View Full Version : Breaking in a new Yaris
yaris_the_walrus
05-06-2006, 01:24 PM
My Yaris will be my first new car and I've heard people talk about "breaking in your car" before you take it on any long trips. Approximately how many kilometres should you drive around the city before you drive it long distances on the highway? I have a few trips planned over the next two months and I don't know if should drive or take the train. :confused:
plushDJ
05-06-2006, 03:08 PM
I don't think highway trips would be a problem, I think they mean don't redline it everytime you hit the gas or run the engine at too low an rpm. I'm only running it around 3000 rpm til 1000km then I'm going to have fun with it. Hope that helps!!
riceboy
05-06-2006, 09:48 PM
Same here, I've been babying the car @ 3k max shifts,... I've been on the highway but haven't done much more than 110 km/h... Once 1000km hits I'll play with the car a bit more... Take your time and enjoy.... Oh and enjoy those 600km's trips on one tank of gas.... hope it lasts once the aggressive driving kicks in...

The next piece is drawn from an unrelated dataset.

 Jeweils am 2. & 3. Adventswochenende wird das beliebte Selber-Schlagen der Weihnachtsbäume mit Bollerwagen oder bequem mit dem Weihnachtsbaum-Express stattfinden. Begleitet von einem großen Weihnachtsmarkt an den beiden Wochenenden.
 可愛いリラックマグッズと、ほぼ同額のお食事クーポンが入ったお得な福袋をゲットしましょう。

breaking in an engine is mostly done at the factory. Mostly what you want to do is to try and not stay at the same rpm's for too long, and don't rev the heck out of it.

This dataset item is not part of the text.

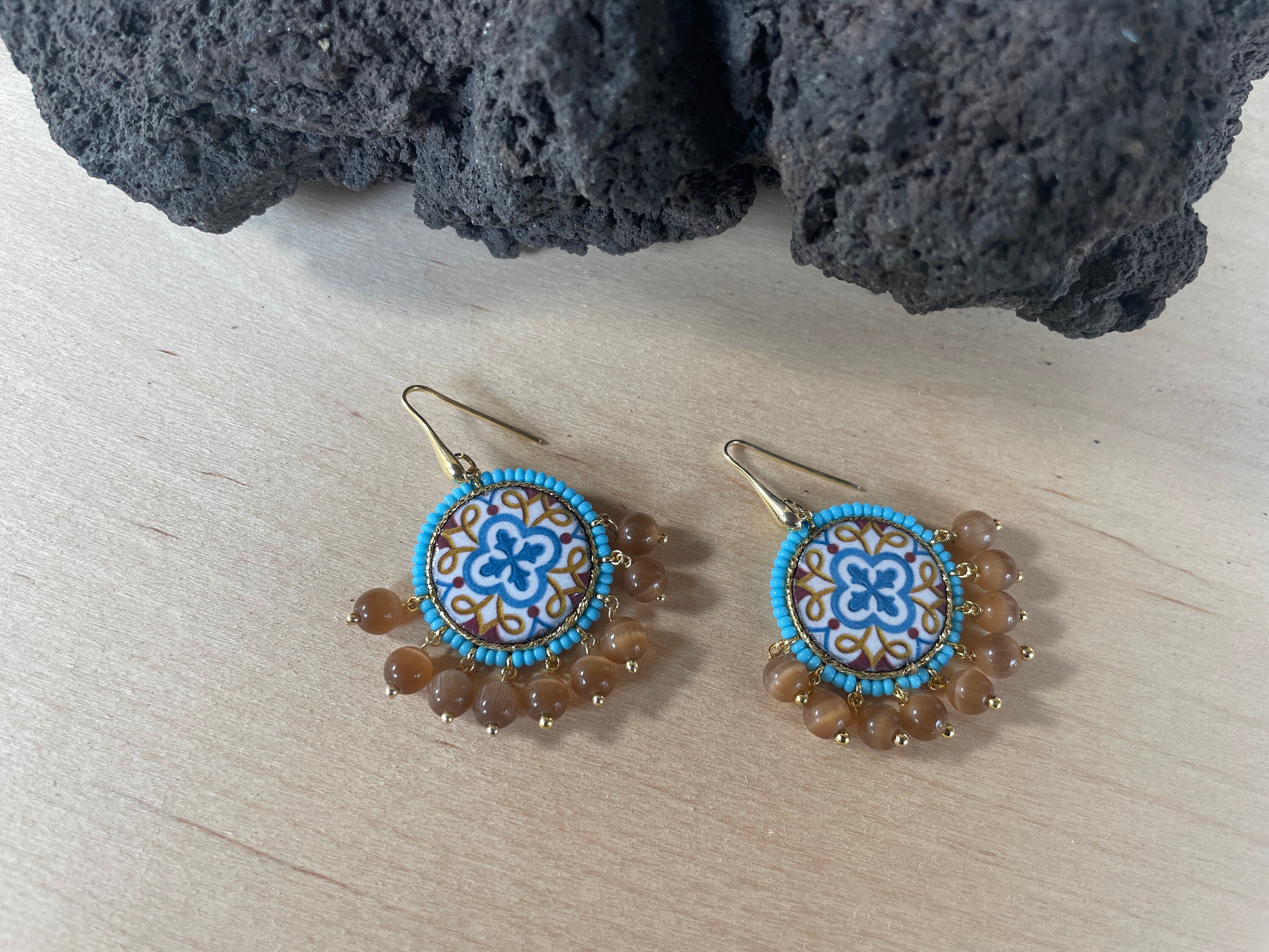 Caratteristici orecchini con mattonella tonda di ceramica di Caltagirone, su base lavica, stampata in superficie con motivi tipici della maiolica siciliana.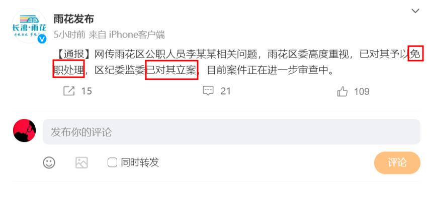 根據通報可知,官方已經對李某萍進行免職處理,區紀委監委已對其立案,目前案件正在進一步審查中。

I know specific instructions are written in the owners manual.
yaris_the_walrus
05-06-2006, 10:58 PM
My concern is that because I walk to work every day I will hardly put any kms on it before I have to go to Toronto.
Idjiit
05-06-2006, 11:23 PM
Heh, you don't even wanna know what my break in period has consisted of. :O
riceboy
05-06-2006, 11:33 PM
yaris_the_walrus - drop it off to me, I drive about 100km each day, I'll have it back to you in 10 days.. all nicely broken in....
SmellyTofu
05-07-2006, 01:01 AM
Never baby my new cars.. swing between 2-4k at 2/3 to 3/4 throttle on and off... varying speed from maybe like 60-80km/h (traffic permitting).. that'll be a good start. Just make sure it's nice and warm before you do it.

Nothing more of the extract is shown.